# [Work instructions]
Using the data below, print exactly the line with "Слив-перелив уже установлен: перелив", the line with "Conjunto de encaje", and every line between them, but none of the pictures.
_ _ _ _ _ _ _
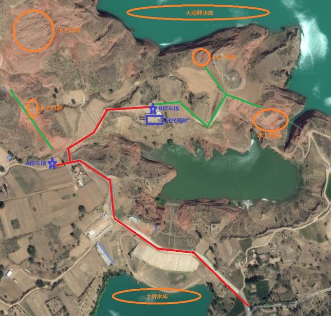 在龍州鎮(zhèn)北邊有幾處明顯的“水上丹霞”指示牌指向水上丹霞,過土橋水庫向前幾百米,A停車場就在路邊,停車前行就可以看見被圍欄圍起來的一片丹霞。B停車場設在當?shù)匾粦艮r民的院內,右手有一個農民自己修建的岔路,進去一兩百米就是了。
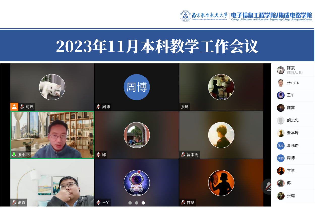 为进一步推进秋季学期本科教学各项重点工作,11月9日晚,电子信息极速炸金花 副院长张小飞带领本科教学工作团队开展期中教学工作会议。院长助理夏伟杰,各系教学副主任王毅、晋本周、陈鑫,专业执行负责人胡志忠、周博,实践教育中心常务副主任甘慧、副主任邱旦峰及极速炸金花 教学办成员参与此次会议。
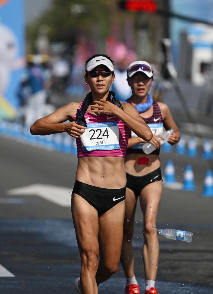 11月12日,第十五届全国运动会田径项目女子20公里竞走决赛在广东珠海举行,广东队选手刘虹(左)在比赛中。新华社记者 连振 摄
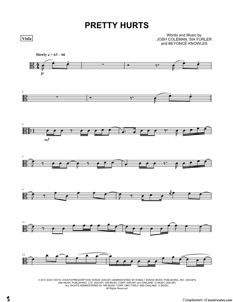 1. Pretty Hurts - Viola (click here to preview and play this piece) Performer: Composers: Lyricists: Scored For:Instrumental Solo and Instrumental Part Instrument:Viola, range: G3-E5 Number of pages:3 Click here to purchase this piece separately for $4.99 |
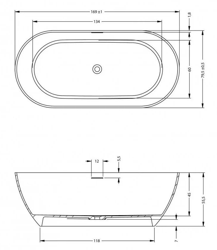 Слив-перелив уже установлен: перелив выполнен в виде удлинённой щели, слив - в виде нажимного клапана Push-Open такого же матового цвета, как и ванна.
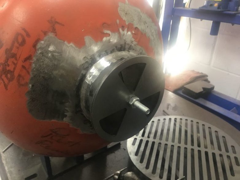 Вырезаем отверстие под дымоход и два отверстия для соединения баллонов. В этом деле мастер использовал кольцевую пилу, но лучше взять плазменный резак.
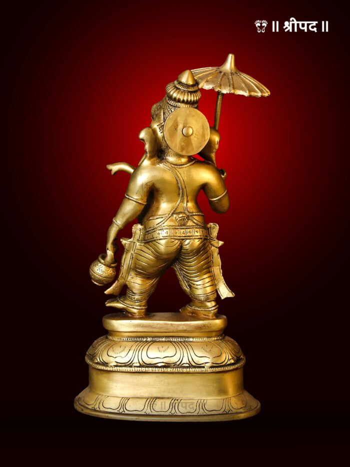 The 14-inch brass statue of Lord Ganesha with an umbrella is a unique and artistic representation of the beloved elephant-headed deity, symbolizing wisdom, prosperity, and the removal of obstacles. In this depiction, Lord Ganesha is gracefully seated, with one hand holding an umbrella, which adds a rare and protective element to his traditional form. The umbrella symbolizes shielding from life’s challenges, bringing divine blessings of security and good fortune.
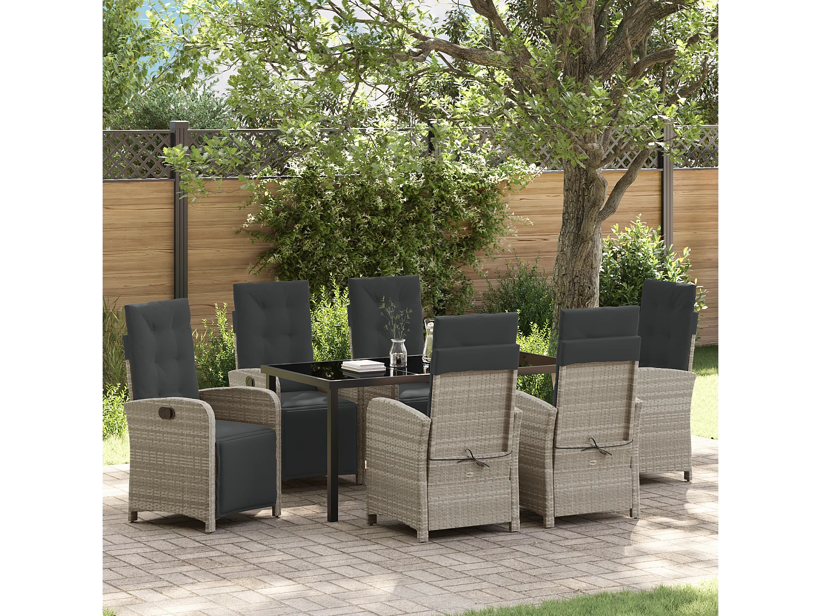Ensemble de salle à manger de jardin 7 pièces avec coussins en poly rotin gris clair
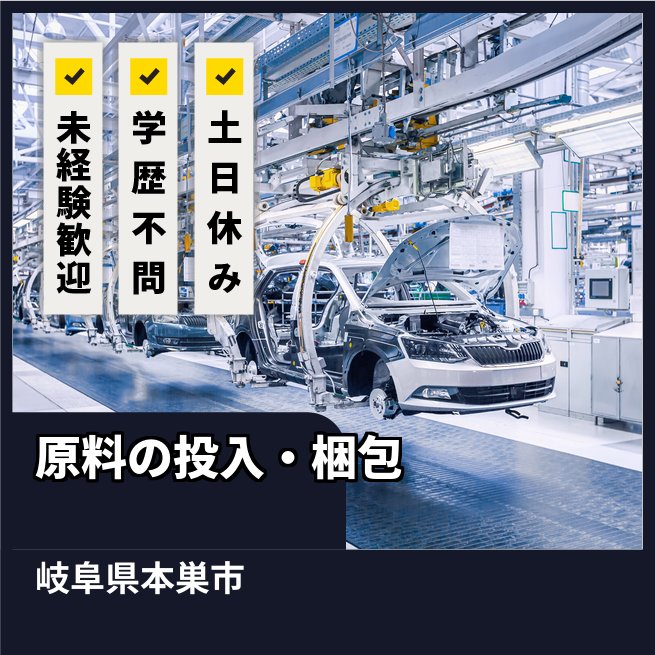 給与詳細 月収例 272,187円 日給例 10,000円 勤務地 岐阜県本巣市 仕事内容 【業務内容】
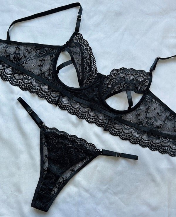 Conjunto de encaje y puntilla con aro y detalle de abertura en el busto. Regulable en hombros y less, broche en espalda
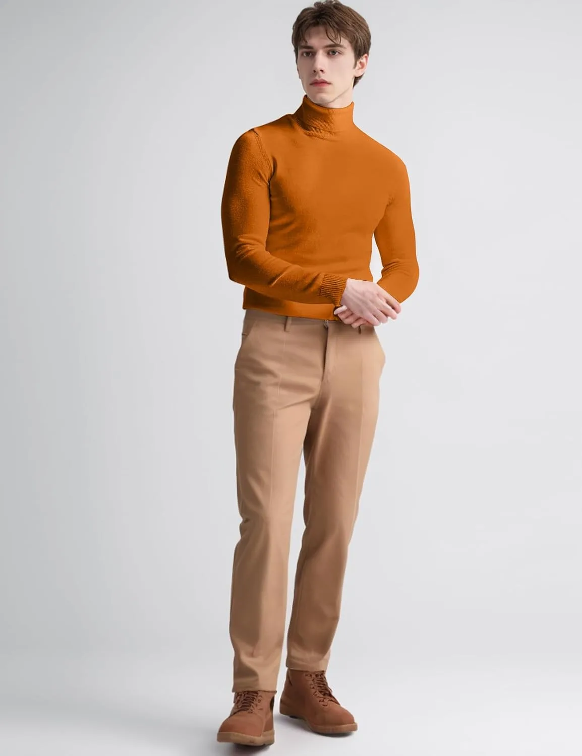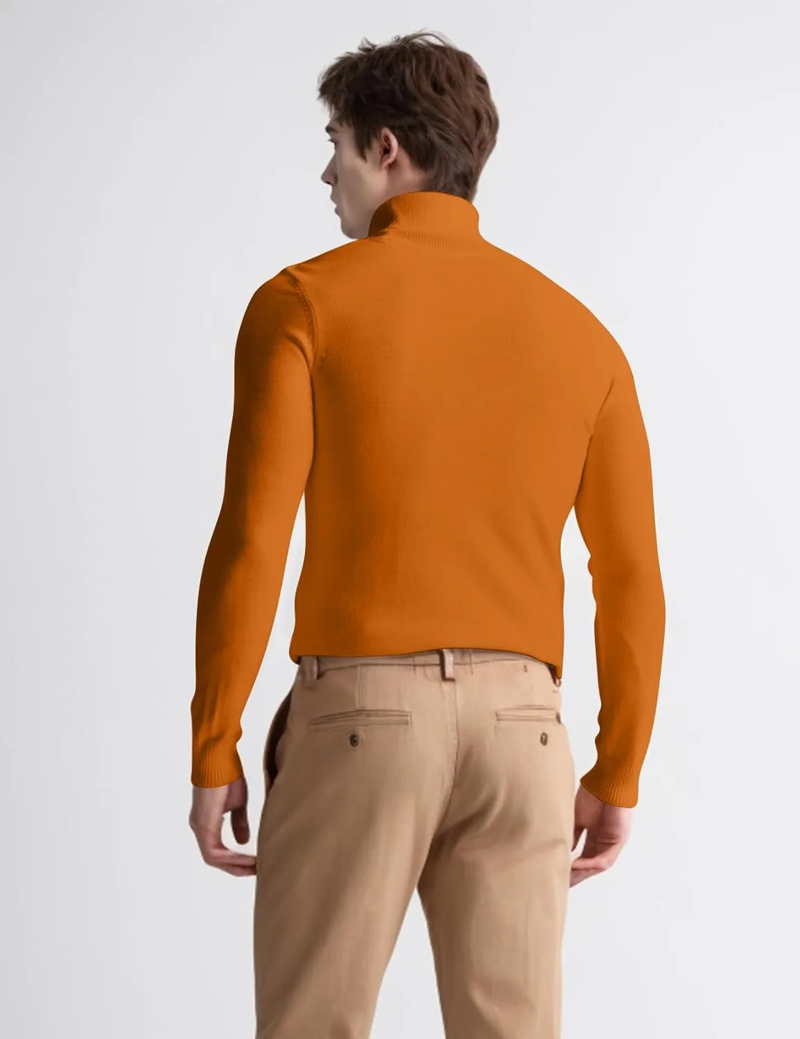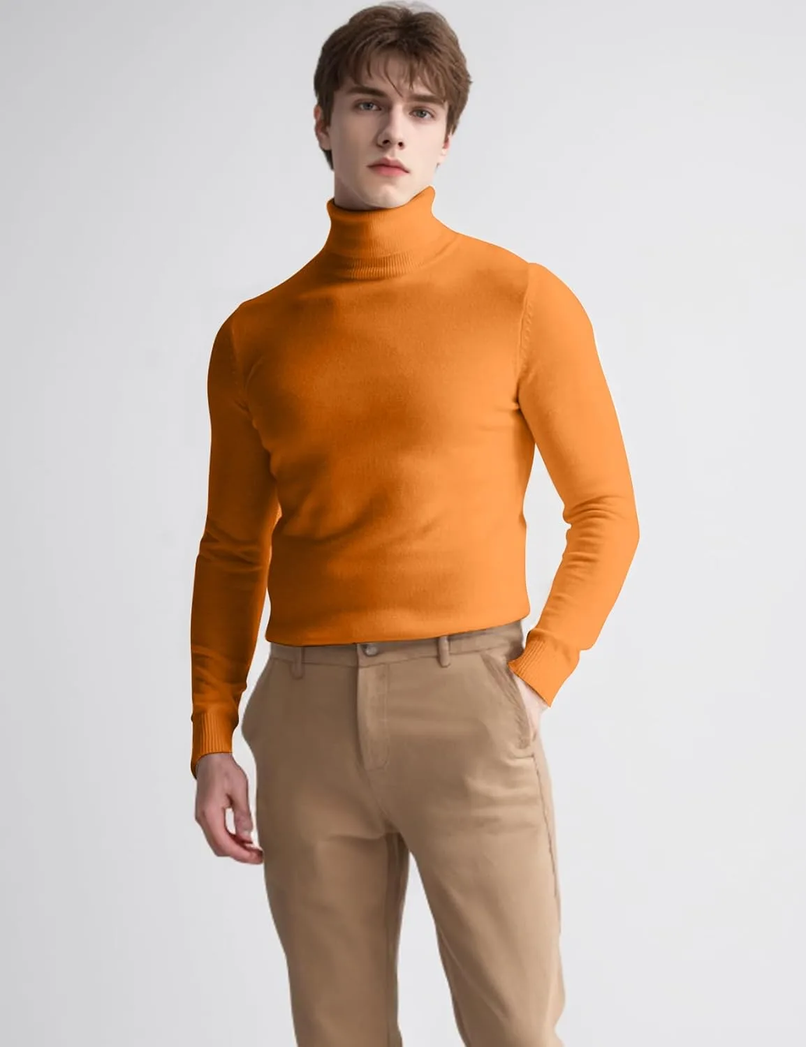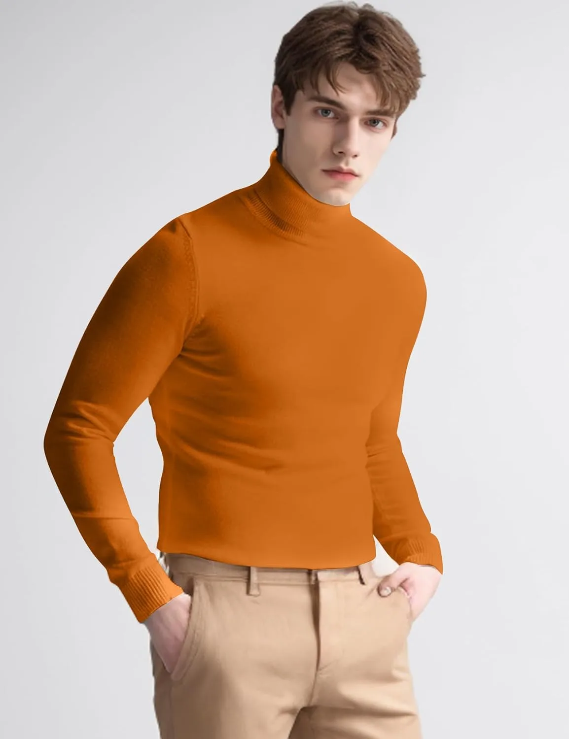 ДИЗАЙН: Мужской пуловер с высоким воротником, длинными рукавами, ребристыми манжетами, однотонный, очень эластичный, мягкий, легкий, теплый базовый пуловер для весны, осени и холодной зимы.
_ _ _ _ _ _ _
# [Solution to the exercise]
 Слив-перелив уже установлен: перелив выполнен в виде удлинённой щели, слив - в виде нажимного клапана Push-Open такого же матового цвета, как и ванна.
 Вырезаем отверстие под дымоход и два отверстия для соединения баллонов. В этом деле мастер использовал кольцевую пилу, но лучше взять плазменный резак.
 The 14-inch brass statue of Lord Ganesha with an umbrella is a unique and artistic representation of the beloved elephant-headed deity, symbolizing wisdom, prosperity, and the removal of obstacles. In this depiction, Lord Ganesha is gracefully seated, with one hand holding an umbrella, which adds a rare and protective element to his traditional form. The umbrella symbolizes shielding from life’s challenges, bringing divine blessings of security and good fortune.
Ensemble de salle à manger de jardin 7 pièces avec coussins en poly rotin gris clair
 給与詳細 月収例 272,187円 日給例 10,000円 勤務地 岐阜県本巣市 仕事内容 【業務内容】
 Conjunto de encaje y puntilla con aro y detalle de abertura en el busto. Regulable en hombros y less, broche en espalda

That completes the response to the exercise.